Video: https://github.com/user-attachments/assets/d86b26c5-c293-464b-bcd2-5be1efc217ad

Expected behavior

Galaxy should not allow to change the name of a dataset before the job finishes, I think.

Issue #21873: Code Research - Dataset name reversion on job completion

Bug Summary

When a user renames a dataset output while its creating job is still queued/running (the dataset appears gray in the history panel), the name reverts to the tool-generated default once the job completes.

Key Code Paths Investigated

1. Initial Output Name Setting (Job Creation)

File: lib/galaxy/tools/actions/__init__.py (lines 623-625)

During tool execution, output datasets are created and named:

data.name = self.get_output_name(
    output, data, tool, on_text, trans, incoming, history, wrapped_params.params, job_params
)

The name is typically "Tool Name on data X" (from _get_default_data_name, line 1086-1092) or a label-based template (line 1070-1073).

2. Dataset Name Update API

File: lib/galaxy/webapps/galaxy/services/history_contents.py (lines 623-659, 898-914, 938-941)

The API allows updating dataset attributes (including name) at any time. The only state check is error_if_uploading (line 934) -- there is no check preventing renames while a job is running. The user's rename via the "Edit Dataset Attributes" UI does update the database successfully.

3. Extended Metadata Strategy (PRIMARY CAUSE)

The extended metadata strategy is the default for modern Galaxy deployments (including usegalaxy.eu). This is the most likely cause.

Serialization at job prep time - lib/galaxy/metadata/__init__.py (lines 224-235):

export_directory = os.path.join(metadata_dir, "outputs_new")
with DirectoryModelExportStore(export_directory, for_edit=True, ...) as export_store:
    export_store.export_job(job, tool=tool)
    for dataset in datasets_dict.values():
        export_store.add_dataset(dataset)  # Serializes dataset attributes including name

This happens during setup_external_metadata, which is called as part of command building during prepare() -- BEFORE the job runs.
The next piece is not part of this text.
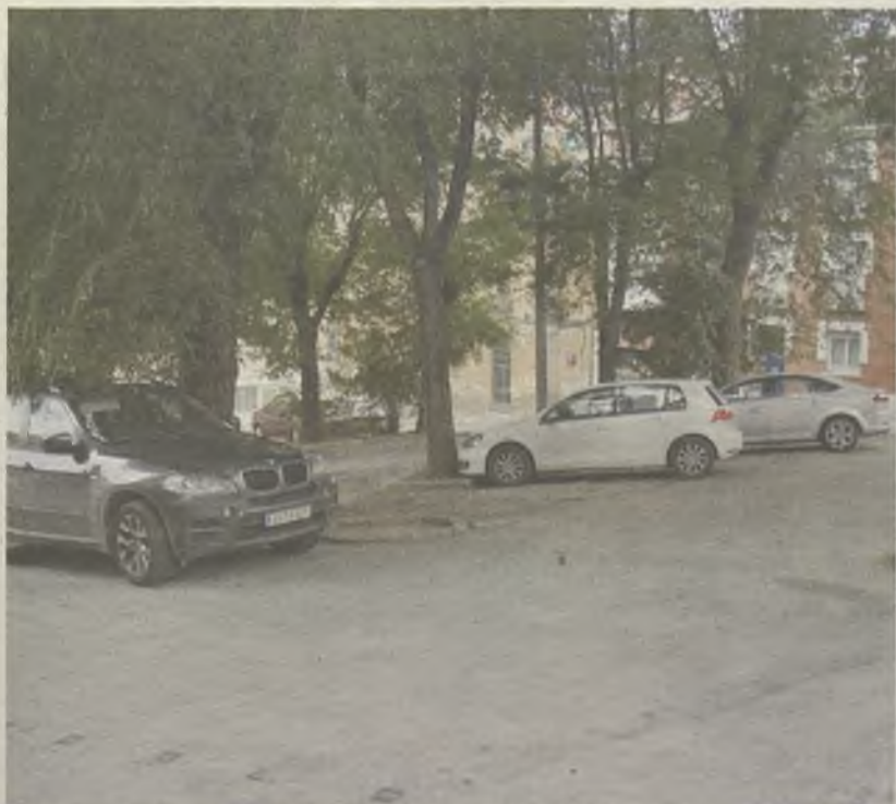
La Plaza de Dávalos pronto será remodelada.

The dataset's name at this point is the tool-generated default.

Metadata setting process - lib/galaxy/metadata/set_metadata.py (lines 295-301):

export_store = store.DirectoryModelExportStore(
    tool_job_working_directory / "metadata/outputs_populated",
    serialize_dataset_objects=True,
    for_edit=True,
    strip_metadata_files=False,
    serialize_jobs=True,
)

The dataset is loaded from outputs_new (which has the OLD pre-rename name), processed, then serialized to outputs_populated.
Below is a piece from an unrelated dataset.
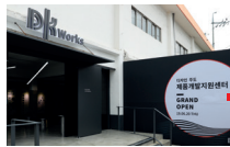
2019 DK웍스 디자인주도 제품개발혁신센터 개소

Re-import on job finish - lib/galaxy/jobs/__init__.py (lines 2128-2138):

if extended_metadata:
    import_options = store.ImportOptions(allow_dataset_object_edit=True, allow_edit=True)
    import_model_store = store.get_import_model_store_for_directory(
        os.path.join(self.working_directory, "metadata", "outputs_populated"),
        app=self.app,
        import_options=import_options,
        ...
    )
    import_model_store.perform_import(history=job.history, job=job)
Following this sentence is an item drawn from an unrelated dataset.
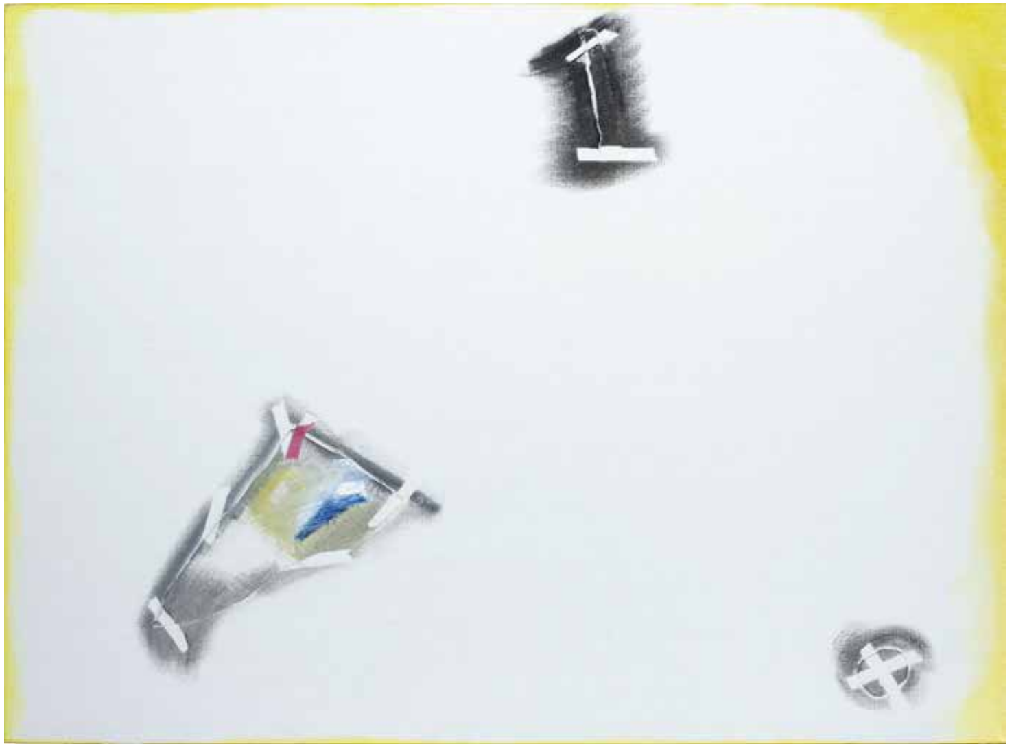
Sem título — 2003 Acrílico s/ tela 88 x 117 x 7 cm

The overwrite - lib/galaxy/model/store/__init__.py (lines 517-539):

if "id" in dataset_attrs and self.import_options.allow_edit and not self.sessionless:
    model_class = getattr(model, dataset_attrs["model_class"])
    dataset_instance = self.sa_session.get(model_class, dataset_attrs["id"])
    attributes = [
        "name",       # <-- THIS IS THE PROBLEM
        "extension",
        "info",
        "blurb",
        "peek",
        "designation",
        "visible",
        "metadata",
        "tool_version",
        "validated_state",
        "validated_state_message",
    ]
    for attribute in attributes:
        if attribute in dataset_attrs:
            value = dataset_attrs[attribute]
            setattr(dataset_instance, attribute, value)  # Overwrites the user's renamed name

The import fetches the dataset from the real database (which has the user's renamed name) and then overwrites it with the serialized name from outputs_populated (which has the old tool-generated name).

4. Non-Extended Metadata Strategy (SECONDARY CAUSE)

File: lib/galaxy/jobs/__init__.py (lines 2019-2022) and lib/galaxy/job_execution/setup.py (line 36):

TOOL_PROVIDED_JOB_METADATA_KEYS = ["name", "info", "dbkey", "created_from_basename"]

for context_key in TOOL_PROVIDED_JOB_METADATA_KEYS:
    if context_key in context:
        context_value = context[context_key]
        setattr(dataset, context_key, context_value)

In the non-extended (directory) metadata strategy, the name would only be overwritten if the tool provides a "name" key in its galaxy.json metadata file. Most tools do NOT write to galaxy.json, so this path would typically preserve the user's rename. However, tools that do write galaxy.json with a name entry would also exhibit this bug.

Theories

Theory 1 (MOST PROBABLE): Extended metadata serialization race condition

The extended metadata strategy serializes dataset attributes (including name) at job preparation time, before the job runs. If the user renames the dataset after this serialization but before the job finishes, the import on job completion overwrites the user's rename with the stale serialized name. This is the most likely cause given that usegalaxy.eu uses the extended metadata strategy.

The timeline:

  1. Tool executed, output HDA created with name "Tool X on data 1"
  2. setup_external_metadata serializes dataset to outputs_new (name = "Tool X on data 1")
  3. Job is queued, user renames dataset to "My Custom Name" (DB updated)
  4. Job runs, set_metadata_portable loads from outputs_new, writes to outputs_populated
  5. finish() imports from outputs_populated, overwrites name back to "Tool X on data 1"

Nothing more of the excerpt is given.